Apple and NVIDIA Collaborate on ‘ReDrafter’ Technique to Boost Large Language Model Speed

Apple has teamed up with NVIDIA in an intriguing partnership aimed at advancing the performance of Large Language Models (LLMs). In a surprising move, the two tech giants have developed and open-sourced a new technique called Recurrent Drafter (ReDrafter), which promises to significantly speed up text generation while reducing latency and power usage.

ReDrafter: A Breakthrough in LLM Inference

ReDrafter leverages two core techniques: beam search and tree attention, both designed to optimize text generation in LLMs. After rigorous internal testing, Apple collaborated with NVIDIA to integrate ReDrafter into the TensorRT-LLM inference acceleration framework, making it compatible with NVIDIA GPUs.

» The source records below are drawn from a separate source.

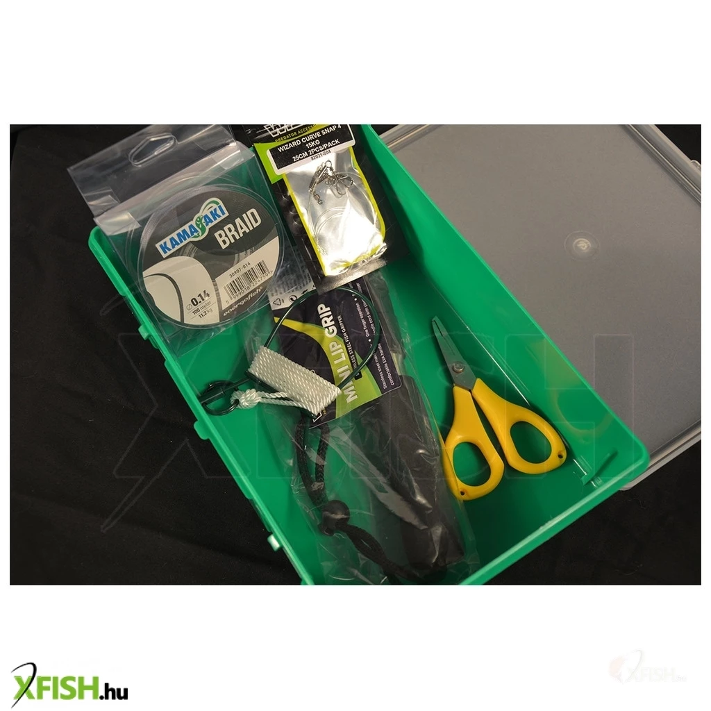 Sőt, szettünk részeként, most ez a praktikus doboz tele aprócikkel és műcsalival is elérhető. A csomag tartalma: - Predator doboz 26x17x7,5 cm - Wizard halkiemelő fogó - 1 csomag fluorocarbon előke - 10 darab horogggal ellátott műcsali, gumihal, swimbait - Szájbilincs - 2 darab villantó - 2 darab támolygó kanál - Olló - 100 méter fonott zsinór
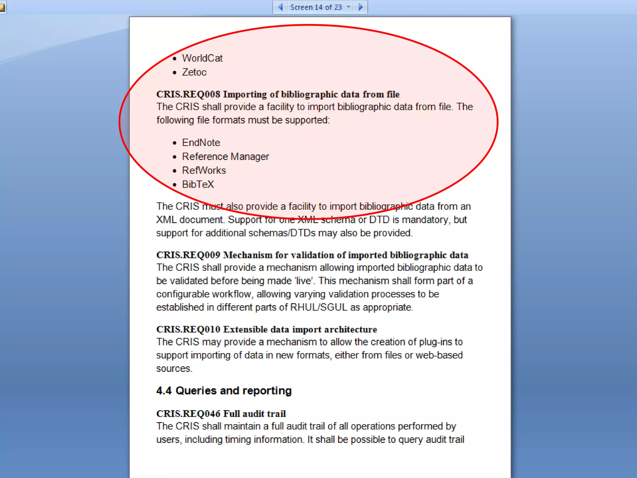 The document discusses researchers' preferences and needs for bibliometric data and research information systems. It finds that researchers value abstract and index databases to aid in identifying articles to cite and for horizontal browsing. Current systems have difficulties providing accurate publication data for institutions. An ideal system would interface with libraries and contain full publication data, citation information where needed, and support depositing research outputs to raise individual profiles. Such systems can facilitate the REF submission process and benchmarking while reducing manual data entry.
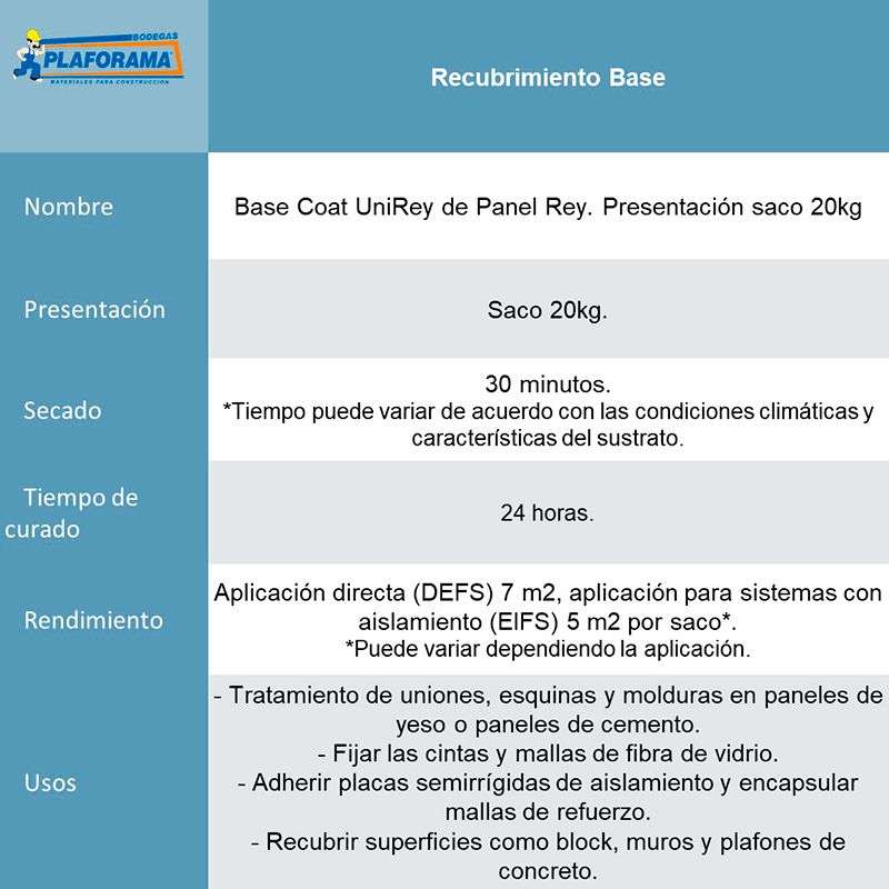 Recubrimiento conformado por una mezcla cemento Portland, minerales y resinas, especialmente diseñado para ser aplicado como una capa base en los sistemas DEFS, así como para encapsular mallas de refuerzo exterior y pegar placas semirrígidas en sistemas de aislamiento y acabado exterior (EIFS).
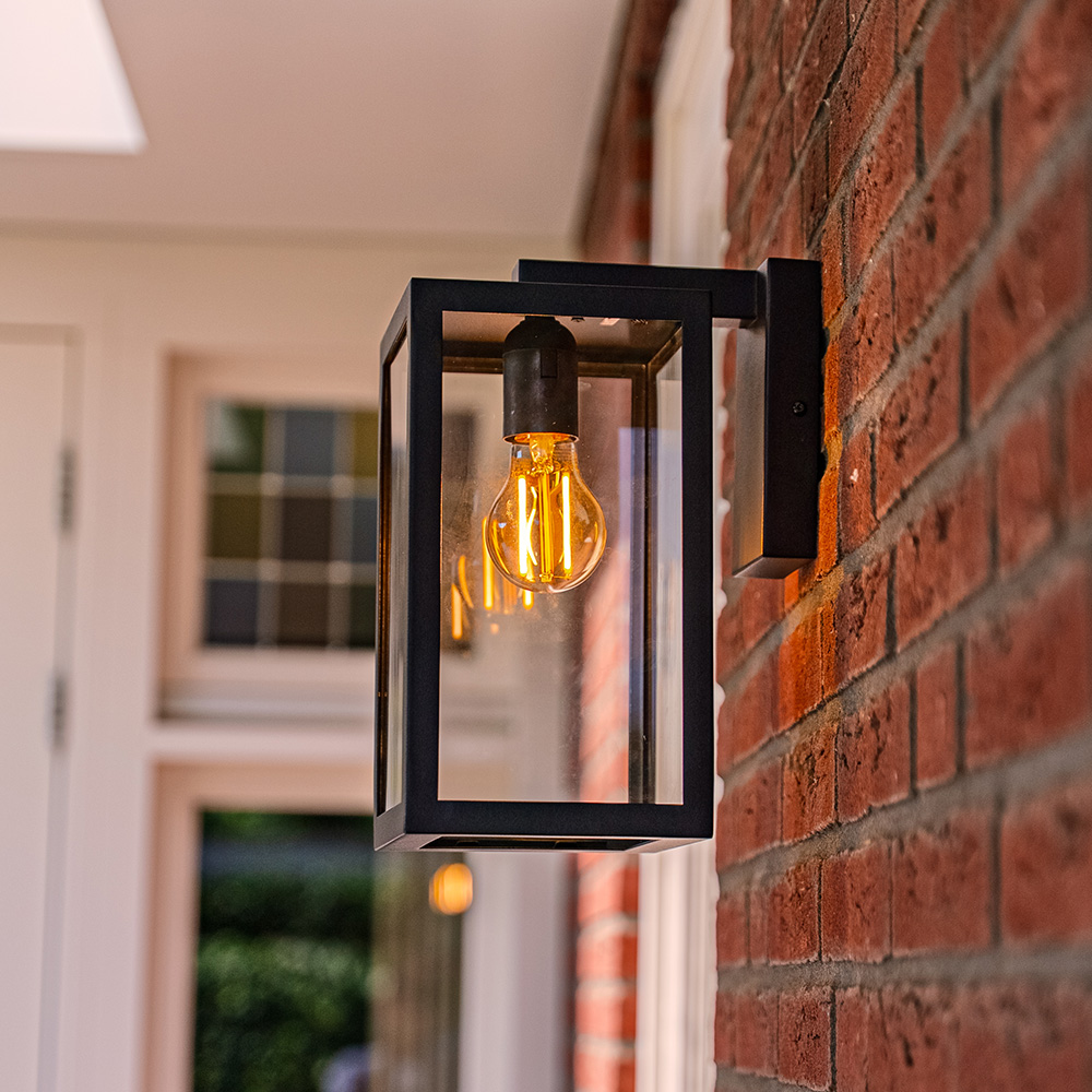 De Brooks is een stijlvolle, klassieke wandlamp in een modern jasje. De Brooks wandlamp is ideaal voor naast de voordeur of aan de achtergevel. Deze zwarte wandlantaarn heeft vier glazen zijkanten met een matzwart gespoten aluminium frame. Door het onderhoudsvrije aluminium en de matzwarte coating is de lamp vocht- en stofwerend en goed te onderhouden. De onderkant van de lantaarn is open, dus je kunt gemakkelijk je E27 lichtbron verwisselen.
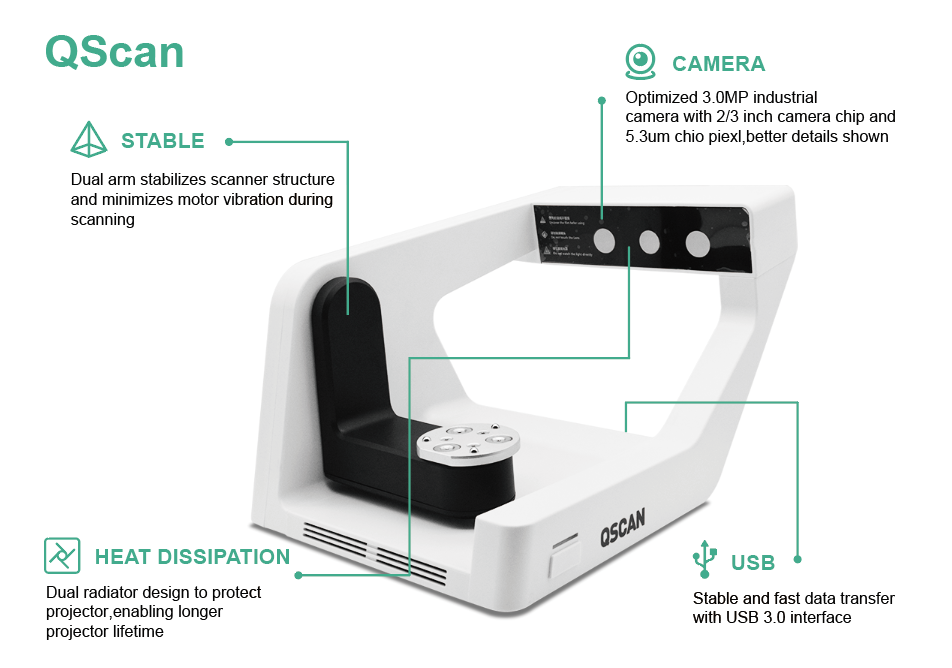 Lab work doesn’t stop, and neither should your equipment. The QScan features a robust dual radiator design for advanced heat dissipation. This intelligent thermal management system actively protects the internal projector, significantly extending its operational lifespan and ensuring uninterrupted performance, even under the most rigorous, continuous scanning schedules.
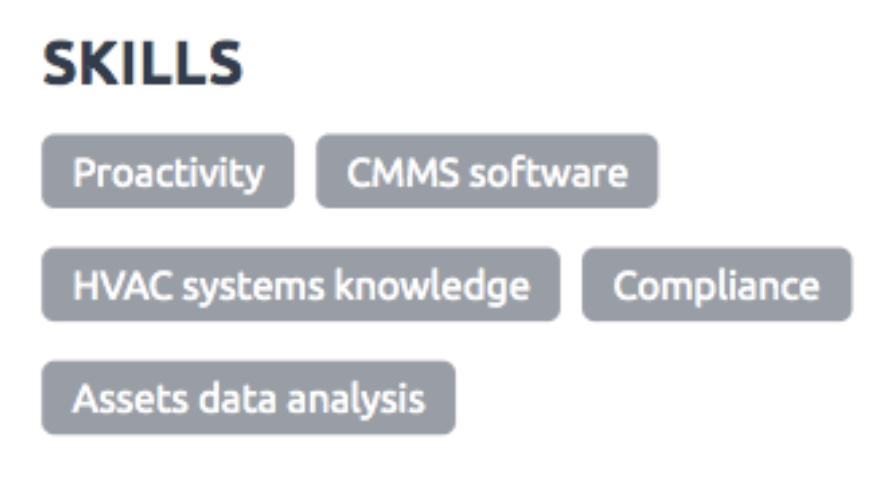 Once you find out what they are, make sure to make them as specific as they can be. For example, instead of adding “technical knowledge”, you can add “HVAC building systems knowledge” as a skill.
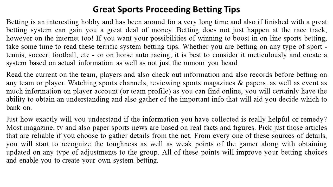 Great Sports Proceeding Betting Tips PowerPoint PPT Presentation
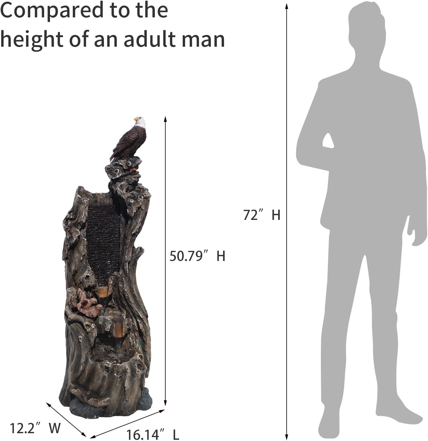 YZM 50.79" H Outdoor Rainforest Waterfall Tree Trunk Fountain with Bald Eagle Outdoor Cascading Water Feature for Garden Patio Backyard Landscape Décor 3-Tier Water Fountains
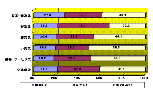 質問4 従業員数は現在と3年前を比べてどうですか。
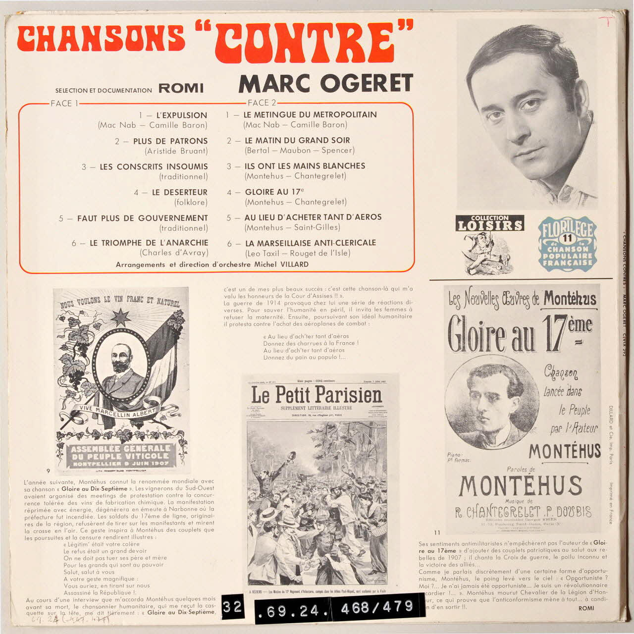 disque 33 tours, Le déserteur, Ils ont les mains blanches, L'expulsion, Faut plus de gouvernement, Le metingue du métropolitain, Gloire au 17ème, Chansons contre 1880-1914, La Marseillaise anticléricale, Le triomphe de l'anarchie, Plus de patron, Le matin du grand soir, Au lieu d'acheter tant d'aéros, Les conscrits insoumis
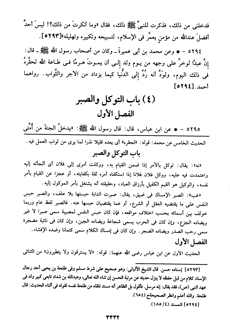 فدخلني من ذلك، فذكرت للنبي صلى الله عليه وسلم ذلك، فقال ((وما أنكرت من ذلك؟! ليس أحد أفضل عند الله من مؤمن يعمر في الإسلام، لتسبيحه وتكبيره وتهليله)) [5293]
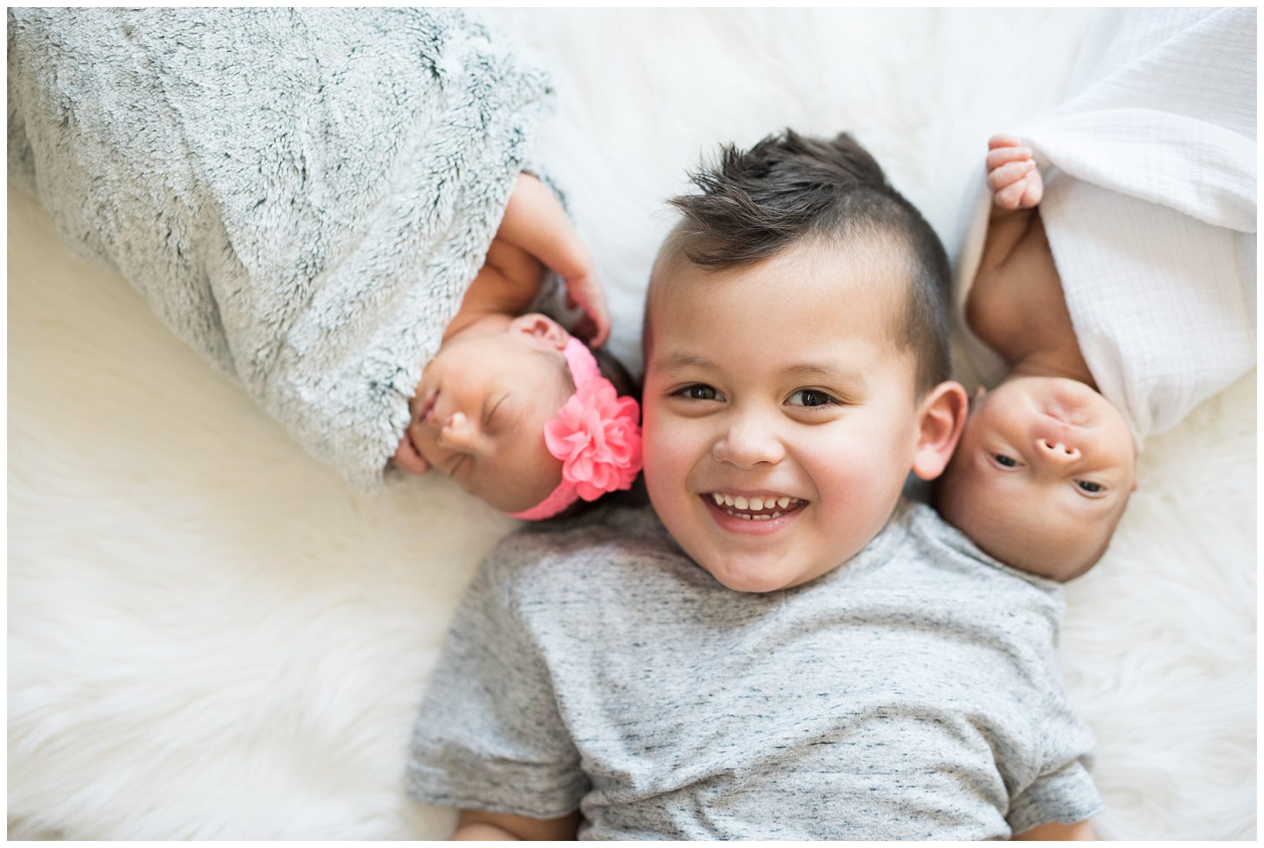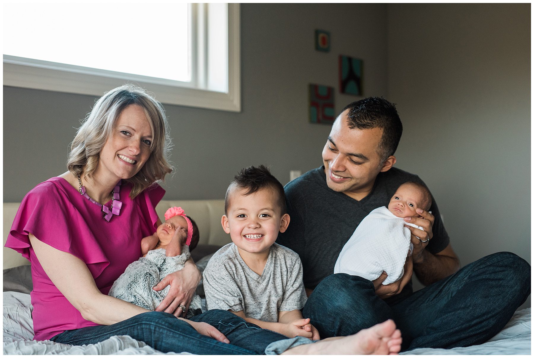 Going from one child to two can be a huge life transformation, but what about going from one to three?!  The sweet Fernandez family of Plymouth did just that.  My heart was absolutely melting as these two little ones were complete angels.  Hardly making a peep, sleeping throughout the entire session and still tiny and scrunched made the session even more enjoyable. Their parents and big brother welcomed them with joy, and we even did a little bed-bouncing to keep the session fun! All the sweet noises, movements, and smells made me appreciate even more the newness of life and how precious it is. Congratulations Michelle and Hector, I can not wait to see you as parents of three!
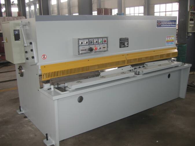 — — 性 能 特 點 — — ● 該剪板機采用鋼板焊接結(jié)構(gòu),液壓傳動,蓄能器回程,操作方便,性能可靠,外形美觀。 ● 刃口間隙調(diào)整有指示牌指示,調(diào)整輕便迅速。 ● 設(shè)有燈光對線裝置,并能無級調(diào)節(jié)上刀架的行程量。 ● 采用柵欄式人身安全保護裝置。 ● 后擋料尺寸及剪切次數(shù)有數(shù)字顯示裝置。
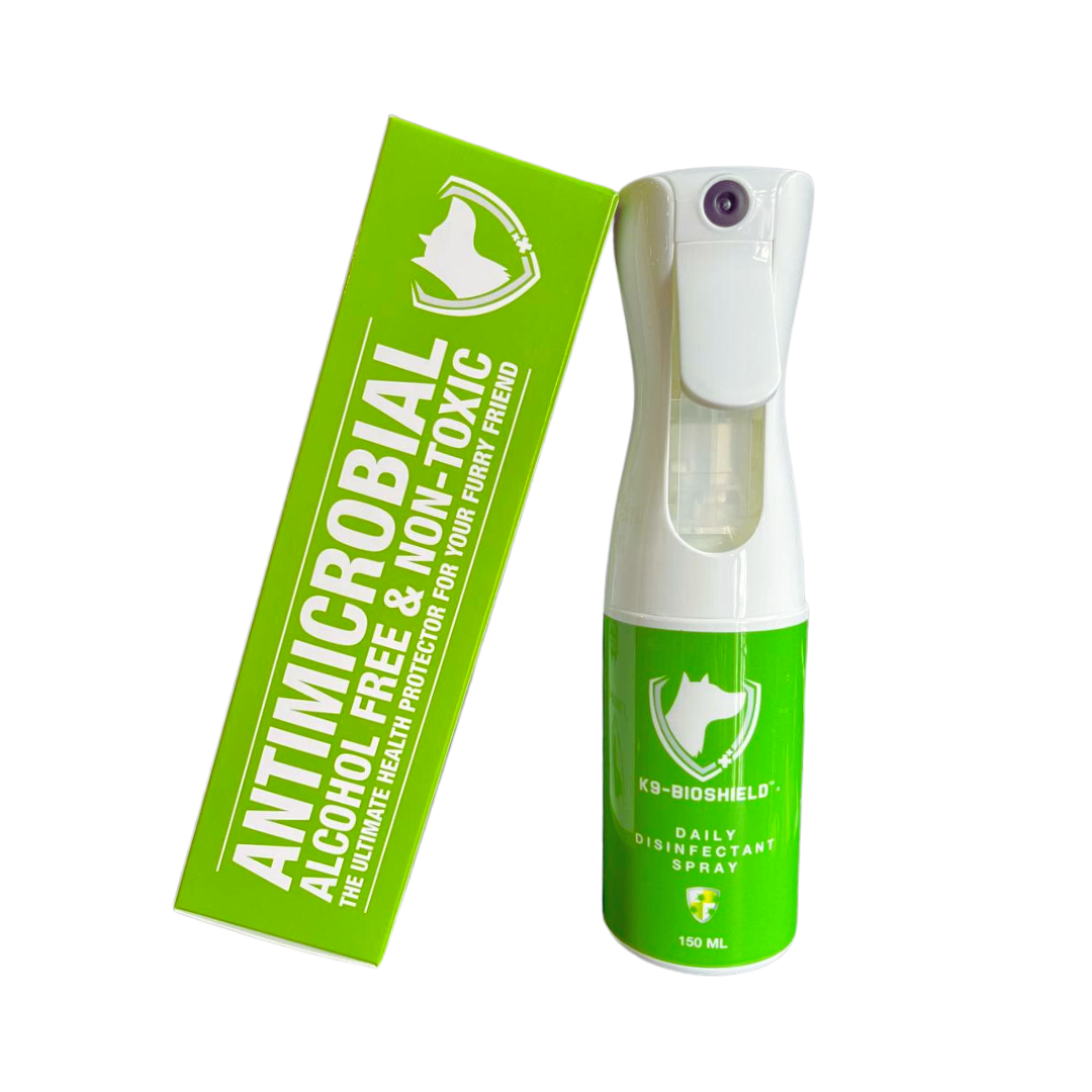 Not to worry, the K9-Bioshield Daily Disinfectant Spray has got you covered. Just like our daily hand sanitisers that keep bacteria at bay, the Daily Disinfectant Spray does the same thing for your pet.
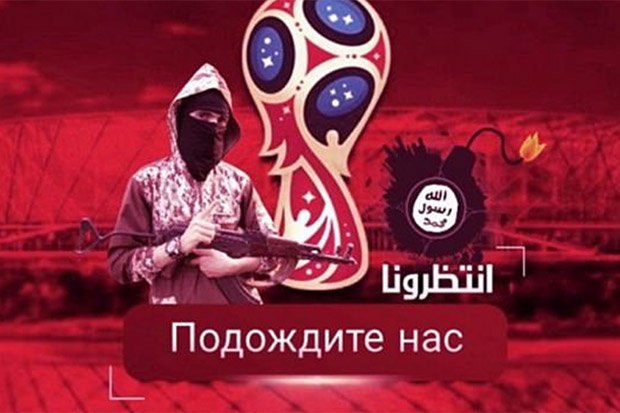 حيث يُظهر الملصق جهاديًا وسط انفجار ويحمل سلاح AK-47، في ساحة كرة قدم مكتظة في الخلفية، بينما يمكن رؤية بوتين على يسار الصورة مع هدف أسود وبرتقالي يستهدفه مباشرة، وكُتب وسط الملصق "روسيا 2018، بوتين أنت كافر، سوف تدفع ثمن قتل المسلمين".
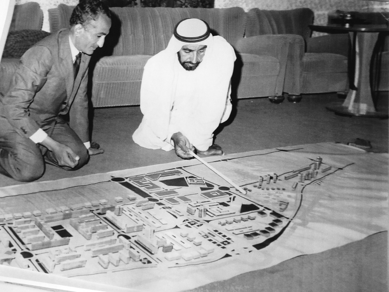 وعن أول لقاء له مع الشيخ زايد بن سلطان ذكر الدكتور عبد الرحمن مخلوف في كتابه إنه عندما رشحته الأمم المتحدة كخبير للتخطيط العمراني بناءً على طلب الشيخ زايد، وصل إلى أبوظبي يوم 2 نوفمبر عام 1968 حيث مكثت فيها شهراً يدرس تضاريس وجغرافية المدينة، وكان الشيخ زايد في ذلك الوقت خارج البلاد في جنيف، وبعد عودته التقى سموه بعد العصر في مكان بالقرب من فندق انتركونتيننتال، حيث اعتاد أن يقوم بالمرور بعد صلاة العصر على المشاريع العمرانية التي تنفذ في ذلك الوقت، ثم يجلس في نهاية المطاف في هذا المكان».
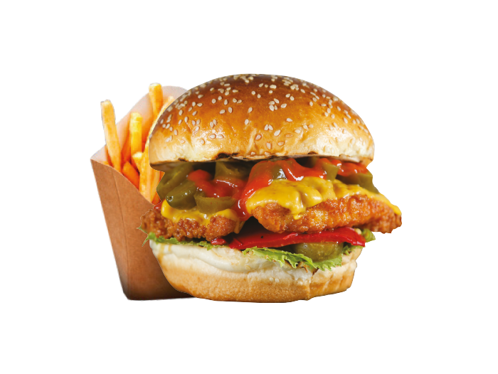Mexican Çıtır Tavuk Burger İçindekiler:Özel Paneli Çıtır Tavuk, Cheddar Peyniri, Kuru Soğan, Turşu, Yeşillik, Etçi Mehmet Özel Sos, Jalapeno Biber, Közlenmiş Kırmızı Biber, Acı Sos ve Patates Kızartması ile
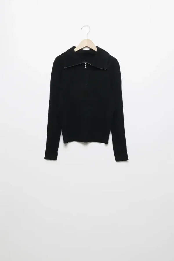 Tejido de punto. Diseño recto. Cuello polo. Cuello con cremallera. Manga larga. Hombros caídos.

According to Apple's blog post:

"ReDrafter achieves state-of-the-art performance, delivering up to a 2.7x speed-up in token generation per second for greedy decoding in production models. This results in reduced latency, lower GPU usage, and significant power savings, making it an ideal choice for scaling LLM deployments."

Features of ReDrafter

  • Speed: Faster token generation with up to 2.7x improvement in performance.

  • Efficiency: Reduced power consumption and GPU requirements.

  • Versatility: Integrated into NVIDIA's TensorRT-LLM framework, benefiting developers leveraging NVIDIA GPUs for LLM applications.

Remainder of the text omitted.